### THE TASK
Return only the lines of the data below from the line with "进入2024年第01周(01" up to and including the line with "다음으로 이동한 Kaaterskill", exactly as written, with the pictures omitted.

### RECORDS FOR THIS TASK

◆ ◆ ◆ ◆

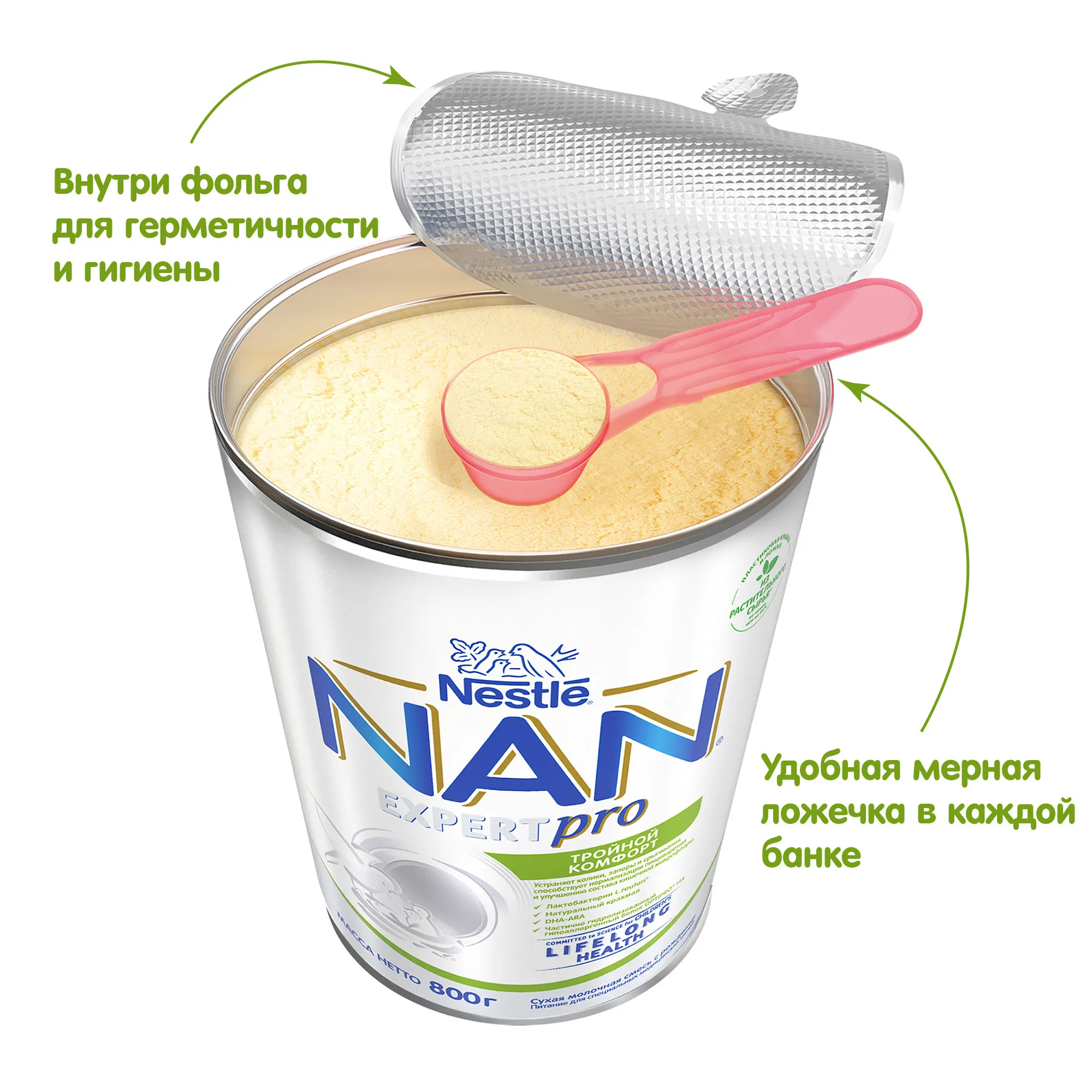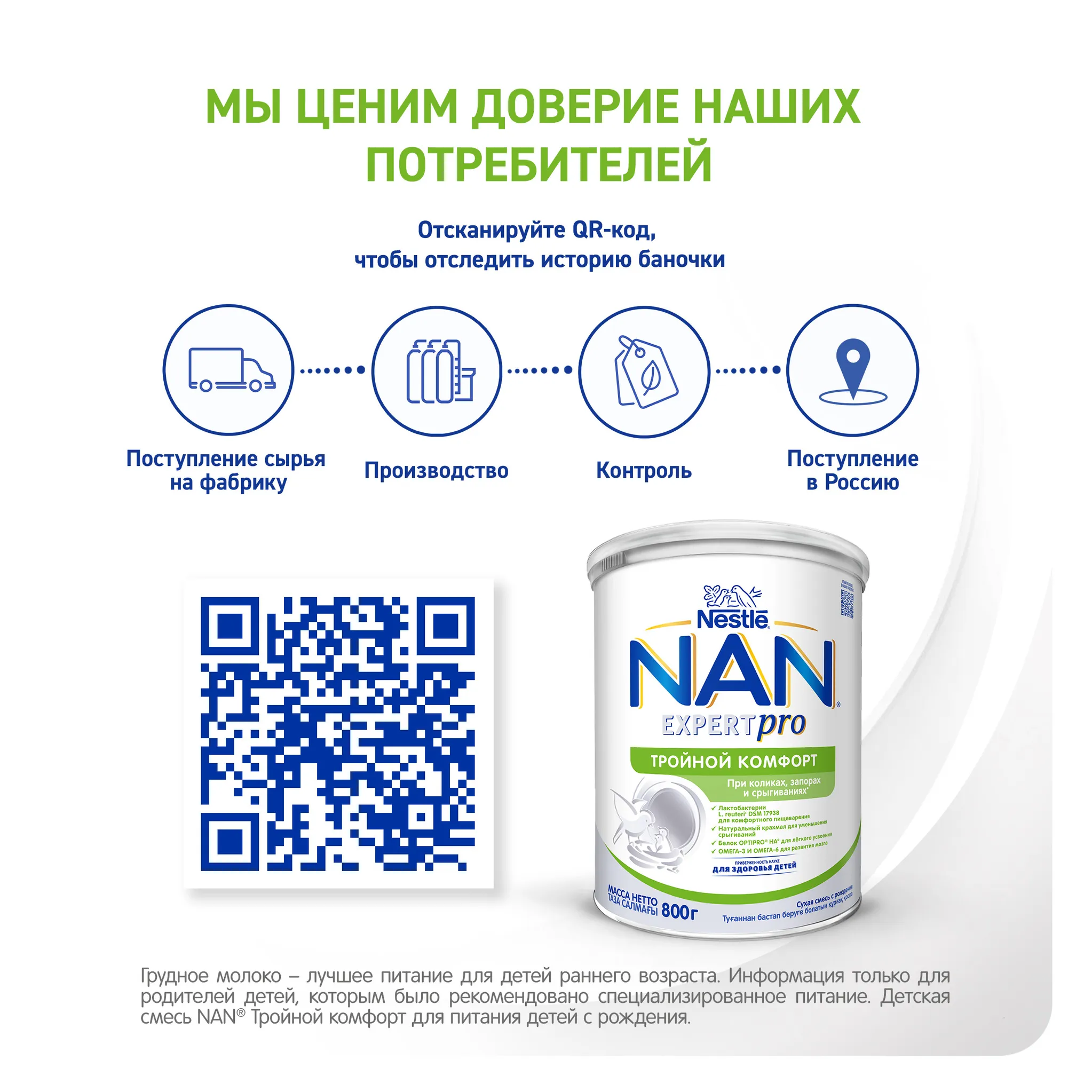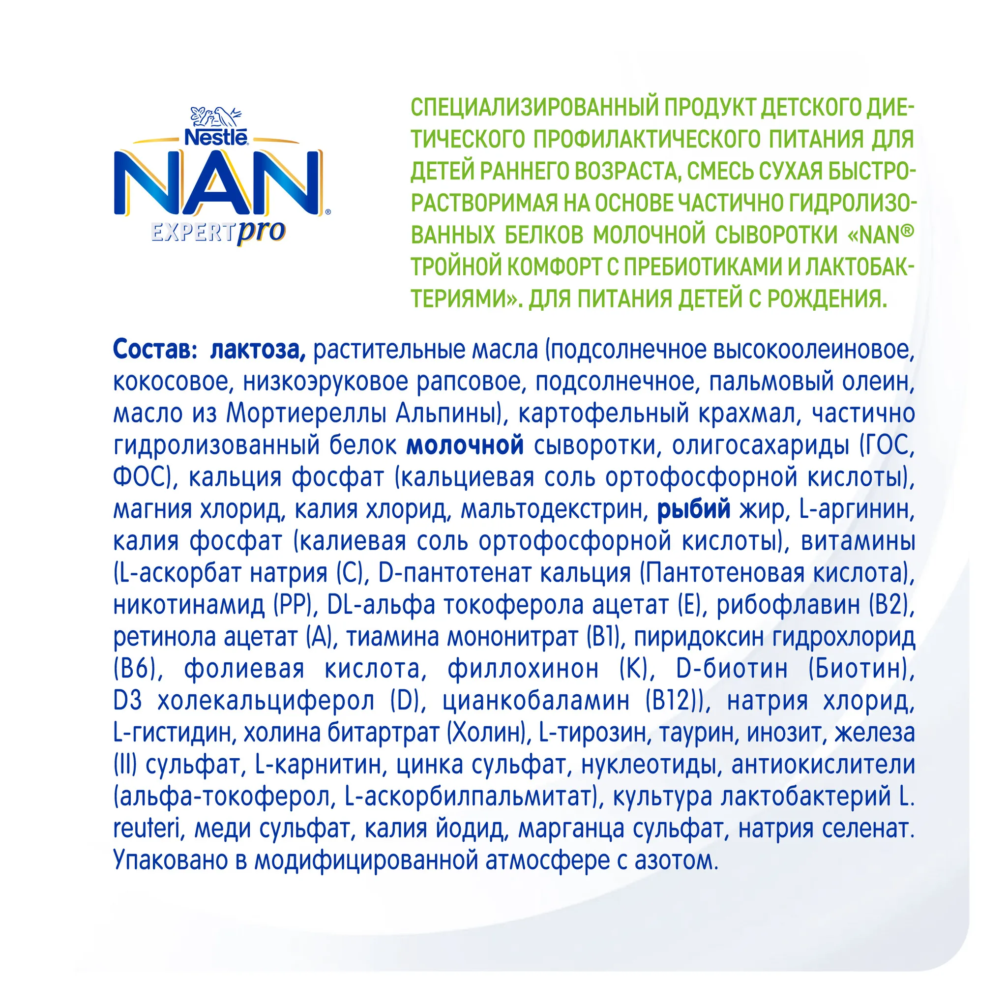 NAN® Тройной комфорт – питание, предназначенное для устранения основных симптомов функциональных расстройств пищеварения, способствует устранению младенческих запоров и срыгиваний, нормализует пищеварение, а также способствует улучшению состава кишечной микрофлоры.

◆ ◆ ◆ ◆

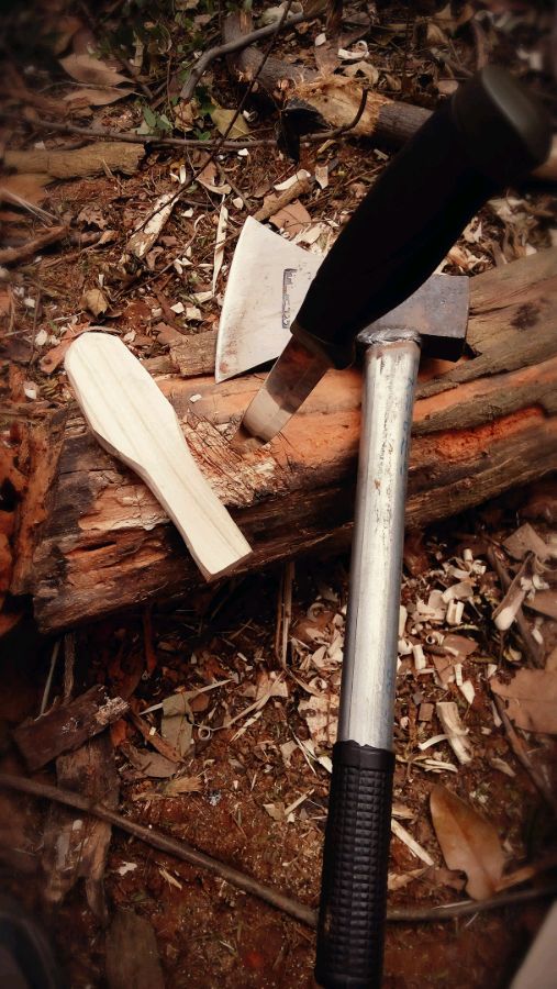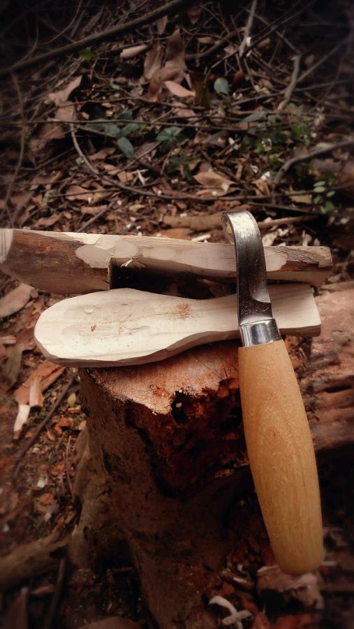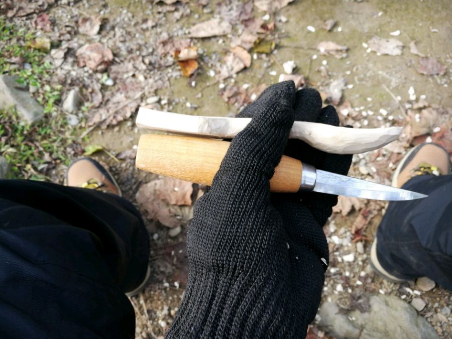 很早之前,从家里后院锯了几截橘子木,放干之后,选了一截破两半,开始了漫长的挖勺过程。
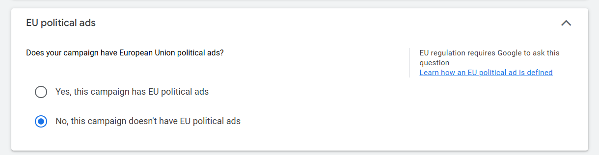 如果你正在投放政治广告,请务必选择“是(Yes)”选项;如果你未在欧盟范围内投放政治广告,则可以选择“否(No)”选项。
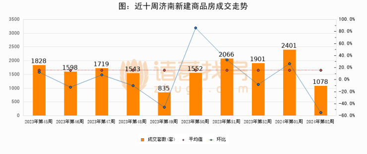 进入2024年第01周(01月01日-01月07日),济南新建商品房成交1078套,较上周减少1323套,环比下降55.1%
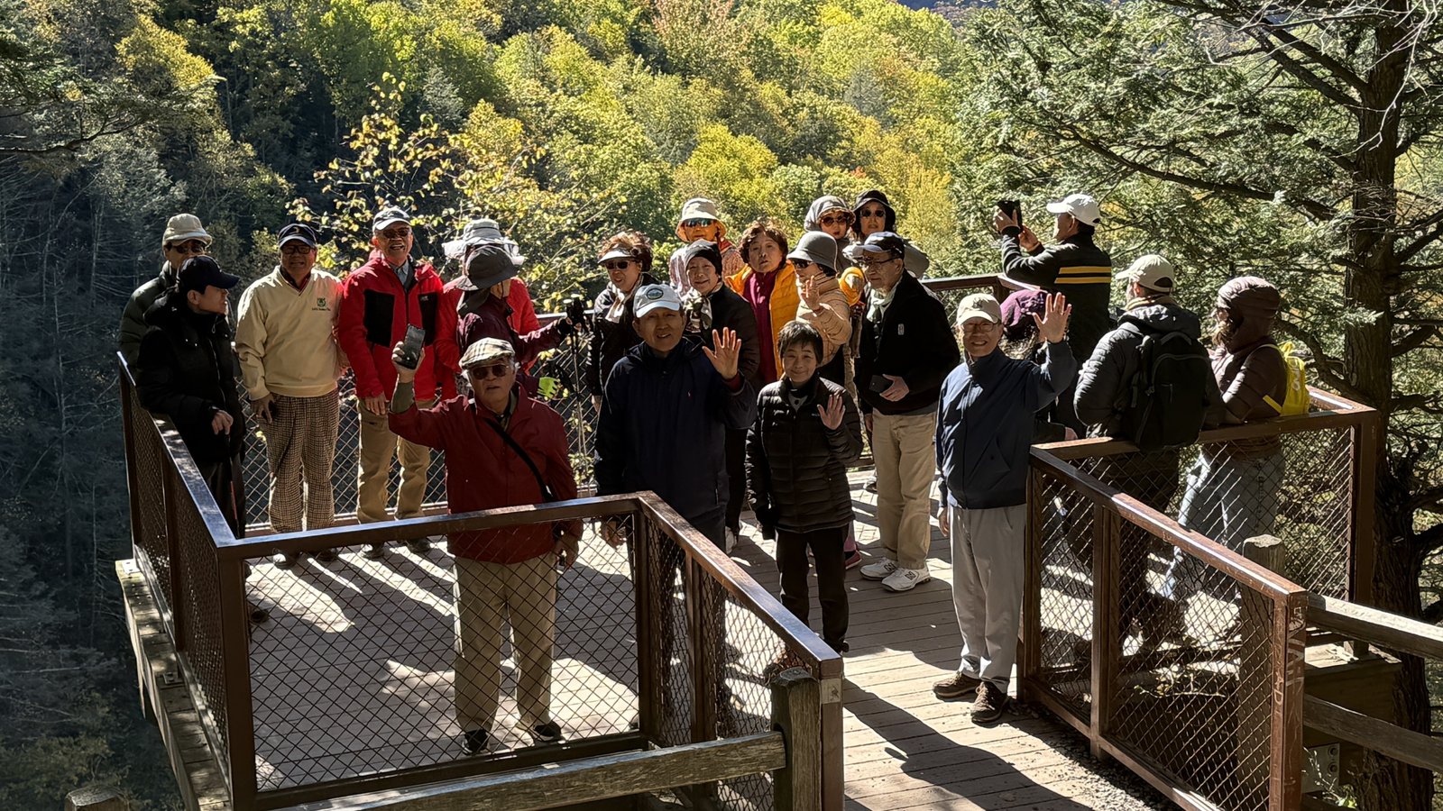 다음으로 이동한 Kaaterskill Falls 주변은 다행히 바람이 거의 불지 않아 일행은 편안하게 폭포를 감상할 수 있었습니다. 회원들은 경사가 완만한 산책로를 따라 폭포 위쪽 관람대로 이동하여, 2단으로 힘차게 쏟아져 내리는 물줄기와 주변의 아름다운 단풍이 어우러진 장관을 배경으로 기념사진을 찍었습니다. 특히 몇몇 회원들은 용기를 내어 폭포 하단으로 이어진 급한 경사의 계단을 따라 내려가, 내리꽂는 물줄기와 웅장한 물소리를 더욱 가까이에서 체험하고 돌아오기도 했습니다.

◆ ◆ ◆ ◆

### EXPECTED OUTPUT
 进入2024年第01周(01月01日-01月07日),济南新建商品房成交1078套,较上周减少1323套,环比下降55.1%
 다음으로 이동한 Kaaterskill Falls 주변은 다행히 바람이 거의 불지 않아 일행은 편안하게 폭포를 감상할 수 있었습니다. 회원들은 경사가 완만한 산책로를 따라 폭포 위쪽 관람대로 이동하여, 2단으로 힘차게 쏟아져 내리는 물줄기와 주변의 아름다운 단풍이 어우러진 장관을 배경으로 기념사진을 찍었습니다. 특히 몇몇 회원들은 용기를 내어 폭포 하단으로 이어진 급한 경사의 계단을 따라 내려가, 내리꽂는 물줄기와 웅장한 물소리를 더욱 가까이에서 체험하고 돌아오기도 했습니다.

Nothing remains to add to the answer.